Cody attempts to provide some psychological and neurotic background for Mavis’s nuttiness (she plucks her hair, for instance, and neglects to tell her parents she’s in town). But we don’t necessarily need to know why Mavis is damaged to see that she is. Theron has that covered. The sight of her standing in one of those KFC-Taco Bell-Pizza Hut things - it’s a Kentacohut - wearing flannel and a pair of sagging jeans made me want to cry, but I was already laughing.
Some of the achievement of “Young Adult’’ is in the nimble way Cody and the director Jason Reitman use lightness not to laugh at the limitations of small-town life (which they treat a touch too harshly) but to capture the pity of prematurely peaking in life. The characters here dramatize a modern existential dilemma for generations of people who are getting older but who are also afraid to mature.
Alexander Payne’s “The Descendants’’ is being held up as a kind of paragon of this sort of comedy of responsibility. I doubt “Young Adult’’ will receive the same accolades. It’s not as handsome or as smooth (Reitman did smooth in “Juno’’ and “Up in the Air’’) but Cody and Reitman have the more daring comedy. The final sequence of “Young Adult’’ is devastatingly committed comedy after Payne’s heart.

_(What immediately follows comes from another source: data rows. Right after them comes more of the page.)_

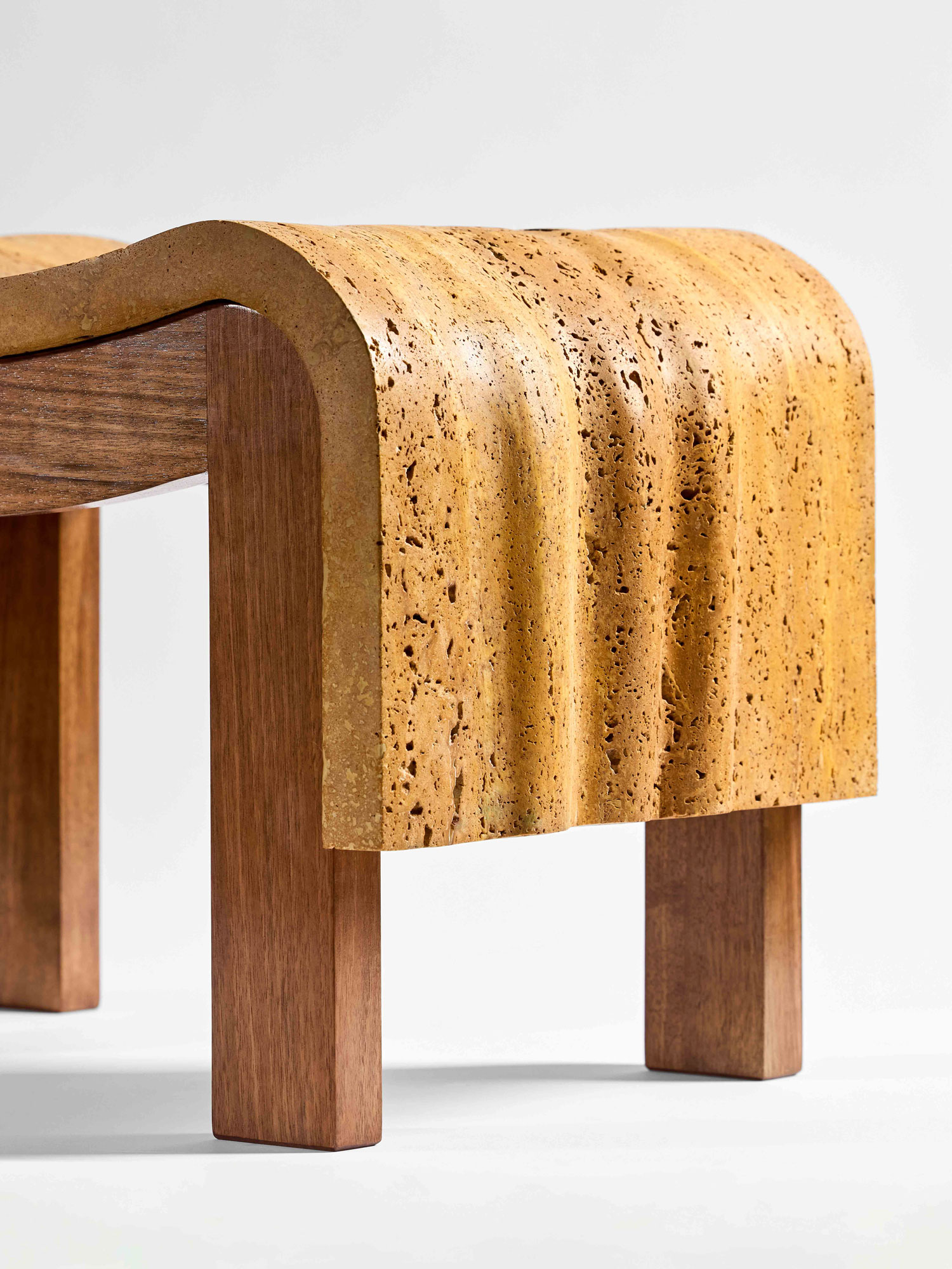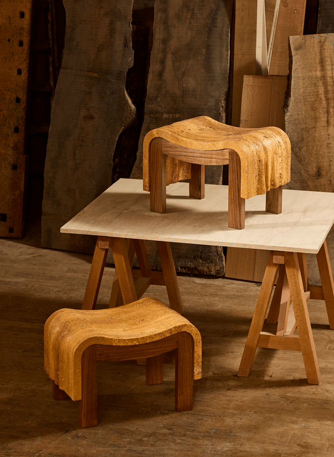 Le tabouret PHILAE, dessiné par le Studio OUD pour la galerie MCDE, rend hommage au CURULE iconique de Pierre Chareau et en revisite les lignes à travers un drapé antique en travertin jaune de Perse, dont les nuances solaires évoquent la lumière sur le Temple de Philae au crépuscule.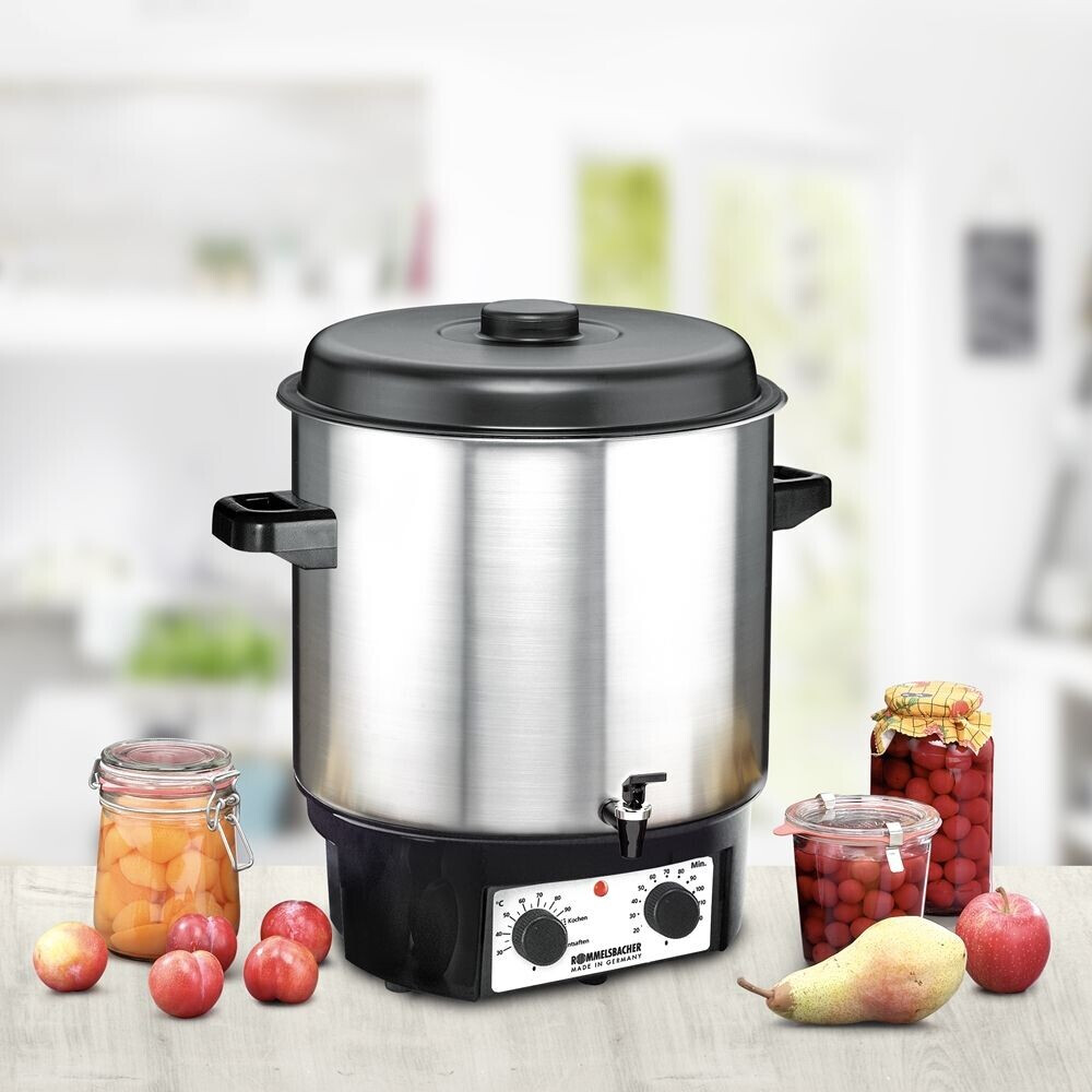 دستگاه ROMMELSBACHER KA 2004/E یک کنسرو اتوماتیک قدرتمند با ظرفیت ۲۷ لیتر و تایمر ۱۲۰ دقیقه برای حفظ و پخت مواد غذایی در خانه است.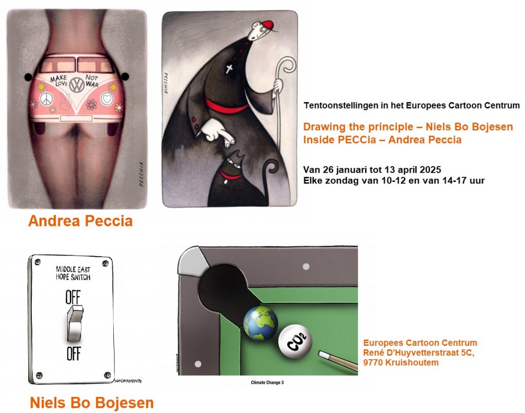 9 januari 2025Tentoonstellingen in het Europees Cartoon Centrum Drawing the principle – Niels Bo Bojesen Inside PECCia – Andrea Peccia Van 26…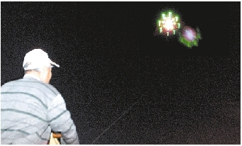 根據(jù)不明飛行物大概的方位,記者跟著“飛行物”方向一路尋找,發(fā)現(xiàn)不明飛行物就在火車頭體育場上空附近,體育場內有人在放夜風箏。原來燈光是夜風箏上夜光設備不斷地發(fā)出不同顏色的光。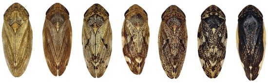 - Stöckmann, M.; Biedermann, R.; Nickel, H.; Niedringhaus, R. The Nymphs of the Planthoppers and Leafhoppers of Germany; WABW Fründ: Bremen, Germany, 2013. [Google Scholar]

At some point, Theron takes a long sniff from a tube of craft glue. It’s a juvenile high. She turns Mavis’s pathology into kaleidoscopic narcissism. It’s a tightrope walk similar to the one Laura Dern just performed on the HBO show “Enlightened,’’ which seduced you into watching a difficult character dig herself out of trouble she caused. This movie doesn’t have a shovel. But Theron doesn’t need one. The deeper Mavis’s hole gets the more psychotic force Theron gathers. This actress is poised at the same “Graduate’’ moment as her self-destructed character. Now what?